[Start of section]

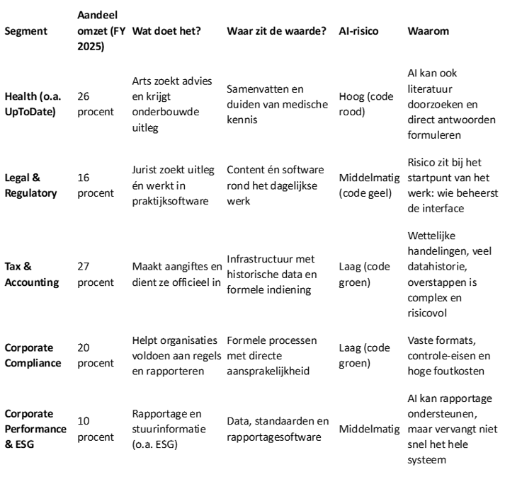 De markt gedraagt zich momenteel alsof Wolters Kluwer de slag met AI al heeft verloren. Een nederlaag is ingeprijsd. De cijfers tonen vooral kwetsbaarheid in één segment, maar niet voor het bedrijf in zijn geheel.
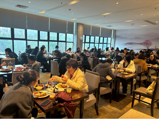 近日,全体女教师齐聚学校国际交流中心二楼自助餐厅。在这个温暖的集体中,大家暂时卸下了平日讲台上的严谨与忙碌,围坐一堂。学院领导及部分男教师也一同出席,与大家共度这段温馨美好的时光。餐厅内布置得春意盎然,处处洋溢着节日的喜庆与祥和。丰盛的自助餐食琳琅满目,香气四溢,每一道佳肴都仿佛在诉说着春天的故事。老师们一边品尝着精致的美味,感受着“舌尖上”的春之韵味,一边畅谈工作心得,分享生活中的趣事与感悟。在美食与春风的交织中,欢声笑语不断,集体的温暖如春日暖阳般照耀在每个人的心间,让每一位女教师都深切感受到了来自学院大家庭的关爱与支持。
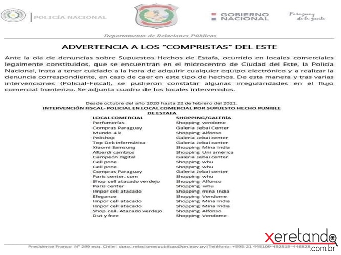 "Diante das denúncias dos supostos casos de fraudes, ocorridos em locais comerciais legalmente autorizados, que se encontram no microcentro de Ciudad del Este, a Polícia Nacional pede para ter cuidado na hora de adquirir qualquer equipamento eletrônico e fazer a denúncia para as autoridades competentes, em caso de cair nesse tipo de fraude. Desta maneira e diante de várias intervenções fiscais, foi possível constatar algumas irregularidades no fluxo comercial fronteiriço. Abaixo, a relação dos locais interitados", diz a nota.

[End of section]

Write out, word for word, the line containing "近日,全体女教师齐聚学校国际" and each line after it to the end of the data, and nothing more. Drop the pictures.

» **Output of the exercise**
 近日,全体女教师齐聚学校国际交流中心二楼自助餐厅。在这个温暖的集体中,大家暂时卸下了平日讲台上的严谨与忙碌,围坐一堂。学院领导及部分男教师也一同出席,与大家共度这段温馨美好的时光。餐厅内布置得春意盎然,处处洋溢着节日的喜庆与祥和。丰盛的自助餐食琳琅满目,香气四溢,每一道佳肴都仿佛在诉说着春天的故事。老师们一边品尝着精致的美味,感受着“舌尖上”的春之韵味,一边畅谈工作心得,分享生活中的趣事与感悟。在美食与春风的交织中,欢声笑语不断,集体的温暖如春日暖阳般照耀在每个人的心间,让每一位女教师都深切感受到了来自学院大家庭的关爱与支持。
 "Diante das denúncias dos supostos casos de fraudes, ocorridos em locais comerciais legalmente autorizados, que se encontram no microcentro de Ciudad del Este, a Polícia Nacional pede para ter cuidado na hora de adquirir qualquer equipamento eletrônico e fazer a denúncia para as autoridades competentes, em caso de cair nesse tipo de fraude. Desta maneira e diante de várias intervenções fiscais, foi possível constatar algumas irregularidades no fluxo comercial fronteiriço. Abaixo, a relação dos locais interitados", diz a nota.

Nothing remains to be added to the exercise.